The 48–hr-acute toxicity of Isostearic acid, esters with methyl α-D-glucoside was investigated in a study conducted according to OECD Guideline 202 (Daphnia sp. Acute Immobilisation Test). Under static conditions Daphnia magma were exposed to control, reference substance (potassium dichromate) and the test chemical at a loading rate of 100 mg/l (limit test) for 48 h. Isostearic acid, esters with methyl α-D-glucoside could not be completely dissolved in the test medium at the loading rate tested because the water solubility was visually assessed to be less than 1 mg/l. No analytical control was performed. Immobilization was observed after 24 and 48 h.

The 24 h EC50 was > 100 mg/l (nominal, limit test)

Toxicity to aquatic algae and cyanobacteria

In a 72h acute toxicity study according to OECD guideline 201, the cultures of Pseudokirchnerella subcapitata NIVA CHL 1 were exposed to Isostearic acid, esters with methyl α-D-glucoside at a nominal concentration of 100 mg/L under static conditions in accordance to OECD Guideline 201. No analytical control was performed, and the test substance could not be completely dissolved in test medium at the loading rate tested.

The NOEC value was 100 mg/L. 72h-ErC50 for growth inhibition rate and the 72h-EyC50 for yield inhibition exceeded the maximum input concentration of 100 mg/L of the test substance. The % growth inhibition in the treated algal culture compared to the control was slightly reduced (8.5%). The reduction was not considered to be of biological significance as it was less than 10%. The total yield was inhibited by 36% when compared to the control. Hence, a 50% effect level could not be reached at the maximum input concentration of the test substance. There were no abnormalities noted. Results Synopsis: Test Organism: Pseudokirchnerella subcapitata NIVA CHL 1 Test Type: static 72 hr ErC50 for growth rate: >100 mg/L (nominal) 72 hr EyC50 for yield: >100 mg/L (nominal) 72 hr NOEC for growth rate: 100 mg/L (nominal)
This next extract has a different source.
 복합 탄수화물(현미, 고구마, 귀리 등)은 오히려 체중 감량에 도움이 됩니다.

Toxicity to microorganisms

In a 3 hour toxicity study conducted according to OECD Guideline 209 (Activated Sludge, Respiration Inhibition Test) and EU Method C.11 (Biodegradation: Activated Sludge Respiration Inhibition Test), the cultures of activated sludge of a predominantly domestic sewage treatment plant were exposed to Isostearic acid, esters with methyl α-D-glucoside at a nominal concentration of 100 mg/L under static conditions. No analytical control was performed.
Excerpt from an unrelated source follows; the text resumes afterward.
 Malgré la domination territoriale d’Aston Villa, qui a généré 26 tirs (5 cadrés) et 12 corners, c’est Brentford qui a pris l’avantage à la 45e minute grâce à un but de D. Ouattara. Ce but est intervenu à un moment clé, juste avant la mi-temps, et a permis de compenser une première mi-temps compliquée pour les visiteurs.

There was no significant inhibitory effect of the test item at 100 mg/l; the deviations from the untreated controls were less than 15 %. The EC50 could not be calculated because Isostearic acid, esters with methyl α-D-glucoside proved to be non-toxic. Therefore the 3 h EC50 value based on inhibition of respiration was > 100 mg/L.
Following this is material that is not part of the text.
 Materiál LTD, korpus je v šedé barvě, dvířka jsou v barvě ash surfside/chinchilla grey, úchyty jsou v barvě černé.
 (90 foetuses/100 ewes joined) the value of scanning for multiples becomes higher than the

The value is supported by the 1 h EC 50 data from Stearic acid, esters with methyl α-D-glucoside. According to DIN 38412 part 27 (Bacteria Respiration test, preliminary draft) Pseudomonas putida was assessed by measuring the respiration rate after 1 hour at 0 and 10000 mg/l (nominal). No analytical control was performed. The 1 h EC 50 was higher than 10000 mg/l.